# Component: API

## Overview

**Purpose**: HTTP API layer exposing object detection capabilities via FastAPI — handles request/response serialization, async task management, SSE streaming, and authentication token forwarding.

**Pattern**: Controller layer — thin API surface that delegates all business logic to the Inference Pipeline.

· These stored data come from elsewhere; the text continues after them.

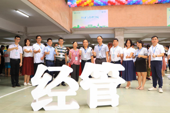 早上八点,新生们陆陆续续地来到莞城校区四号楼大厅办理报到手续。大一年级的19个助班在现场严阵以待,做好迎接新生们的各项工作。经济与管理学院还专门为新生们精心准备了新颖独特的经管包,帮助新生更好地融入大学生活。现场出动了近百名训练有素的志愿者协助学院进行迎新工作,并带着吉祥物——小蜜蜂“ME果”一同迎接新生。穿着统一制服的志愿者们更是迎新工作中的一道亮丽的光彩,他们不辞辛苦,承担着引领、答疑、搬行李等工作任务,用他们的心灵温暖与感染每一位新生,帮助他们融入经管学院这个温暖的大家庭。
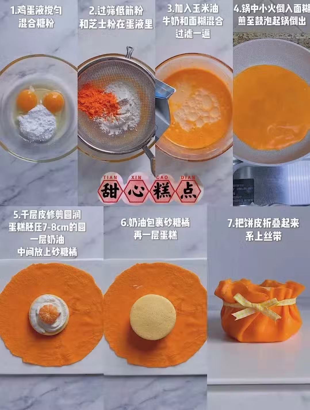 7)把餅皮摺疊起來繫上絲帶
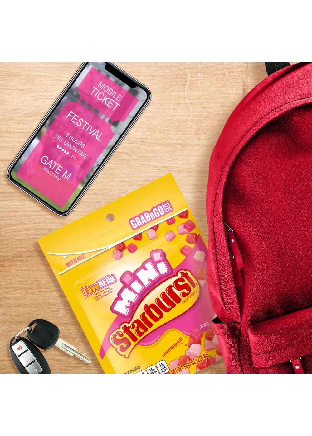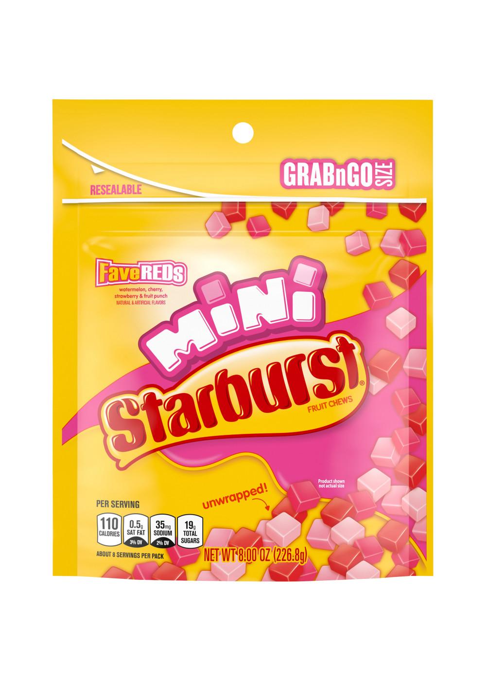 • Contains one (1) 8-ounce Grab N Go resealable bag of STARBURST Minis FaveREDs Fruit Chews Candy
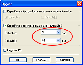 Seleccione 96 a partir da lista para a opção Reflectivo ou Película e, em seguida, faça clique em OK.

**Upstream**: Inference Pipeline (Inference class), Domain (constants_inf for labels).
**Downstream**: None (top-level, client-facing).

## Modules

| Module | Role |
|--------|------|
| `main` | FastAPI app definition, endpoints, DTOs, TokenManager, SSE streaming |

## External API Specification

### GET /health

**Response**: `HealthResponse`
```json
{
  "status": "healthy",
  "aiAvailability": "Enabled",
  "errorMessage": null
}
```
`aiAvailability` values: None, Downloading, Converting, Uploading, Enabled, Warning, Error.

### POST /detect

**Input**: Multipart form — `file` (image bytes), optional `config` (JSON string).
**Response**: `list[DetectionDto]`
```json
[
  {
    "centerX": 0.5,
    "centerY": 0.5,
    "width": 0.1,
    "height": 0.1,
    "classNum": 0,
    "label": "ArmorVehicle",
    "confidence": 0.85
  }
]
```
**Errors**: 400 (empty image / invalid data), 422 (runtime error), 503 (engine unavailable).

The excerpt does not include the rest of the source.